Hi,
I'm having some problems with an storm cluster that produces that nimbus
rebalance the topology too often because thinks that some workers are down.
My setup is using apache-storm 0.9.3:
2 storm nodes running storm-supervisor (storm-1 and storm-2)

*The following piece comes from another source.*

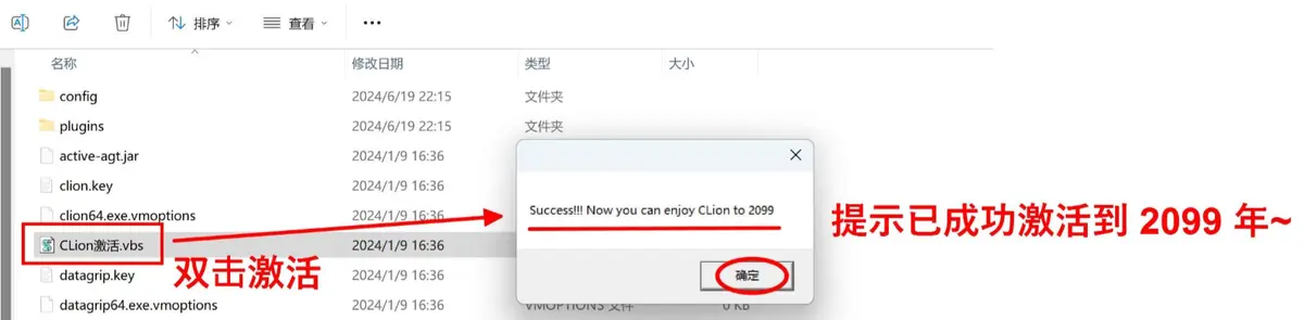 进入到解压后的文件夹 /win2020-2024 中,双击,若提示 Success!!! Now you can enjoy Pycharm to 2099 , 则表示激活成功啦~

1 server running storm-nimbus and storm-ui
a cluster of 3 servers with zookeeper and kafka.
Looking at the logs, I don't see any obvious error, however I see entries
like:
2015-03-29T01:13:26.138+0000 b.s.m.n.Client [INFO] connection established
to a remote host Netty-Client-localhost/127.0.0.1:6700, [id: 0xc64a1aa8, /
127.0.0.1:41471 => localhost/127.0.0.1:6700]
2015-03-29T01:13:26.139+0000 b.s.m.n.Client [INFO] Closing Netty Client
Netty-Client-localhost/127.0.0.1:6700
2015-03-29T01:13:26.139+0000 b.s.m.n.Client [INFO] Waiting for pending
batchs to be sent with Netty-Client-localhost/127.0.0.1:6700..., timeout:
600000ms, pendings: 0
which only appear on the worker's logs when nimbus starts rebalancing the
topology over and over again (every 4-5 minutes).
If I kill the topology, restart storm-supervisor and deploy the topology
again, everything works again for a while (it may be hours or even days).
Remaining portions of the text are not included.